スペシャルティコーヒーの世界でも特に人気の高い「エチオピア」の中から「ベレカ」という銘柄の中煎りコーヒーを行きつけの自家焙煎珈琲店で飲んだので、その感動的な味わいをお伝えする。

エチオピア・ベレカ

エチオピア・ベレカ・コーヒー

「エチオピアコーヒーは酸味が強くてフルーティー」というイメージがあるが、このベレカは、その想像を心地よく裏切り、さらに奥深い世界へと誘ってくれる一杯だった。

産地

中煎りベレカ

「ベレカ」は、エチオピア南西部に位置する、近年注目を集めているコーヒーの産地。具体的には、南部諸民族州のベンチ・マジ県やシェカ県周辺で生産されている。
 
この地域は、うっそうとした原生林が広がる自然豊かな場所で、「フォレストコーヒー」(※1)の産地としても知られている。
 
人の手があまり加わっていない、ありのままの自然環境の中でコーヒーノキが自生しており、その複雑で豊かな土壌が、ベレカ独特の風味を生み出している。

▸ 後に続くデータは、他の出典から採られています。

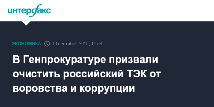 Москва. 19 сентября. INTERFAX.RU - В Генпрокуратуре России заявили о значительной криминализации российского топливно-энергетического комплекса и необходимости очищения комплекса от воровства и коррупции.

※1 自然林内で自生しているコーヒーの木から収穫されるコーヒーのこと。自然に近い環境で、ほとんど手入れをせずにコーヒーの実がなる木から収穫された豆をさす。

豆の特徴

コーヒー豆|ベレカ(中煎り)

豆の品種はエチオピア原種。精製方法はナチュラル(乾燥式)。収穫した豆を水を使わずに乾燥させて脱穀する。
 
一般的に、エチオピアのナチュラル精製のコーヒーは、ベリーやトロピカルフルーツのような華やかな香りと甘みが特徴。ベレカもその例にもれず、熟した果実のような甘い香りがただよってきた。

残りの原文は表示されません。